→ **Directions for this task**
The expected answer is the set of lines in the data below between the line holding "Τα πρωτοσέλιδα της" and the line holding "A floor plan", inclusive, written out exactly.

→ **Material for this task**
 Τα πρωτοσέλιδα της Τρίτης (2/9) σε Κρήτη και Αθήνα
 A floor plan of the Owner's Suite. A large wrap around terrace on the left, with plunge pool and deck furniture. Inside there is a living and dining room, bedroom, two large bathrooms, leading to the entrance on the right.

==

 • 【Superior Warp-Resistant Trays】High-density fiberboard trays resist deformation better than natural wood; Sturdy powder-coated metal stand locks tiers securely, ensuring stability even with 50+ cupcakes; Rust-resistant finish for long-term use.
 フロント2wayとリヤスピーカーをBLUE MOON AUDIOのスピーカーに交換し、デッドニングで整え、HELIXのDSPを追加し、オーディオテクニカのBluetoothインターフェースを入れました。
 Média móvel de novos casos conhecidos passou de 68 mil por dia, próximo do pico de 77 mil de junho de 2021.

→ **Response box**
 Τα πρωτοσέλιδα της Τρίτης (2/9) σε Κρήτη και Αθήνα
 A floor plan of the Owner's Suite. A large wrap around terrace on the left, with plunge pool and deck furniture. Inside there is a living and dining room, bedroom, two large bathrooms, leading to the entrance on the right.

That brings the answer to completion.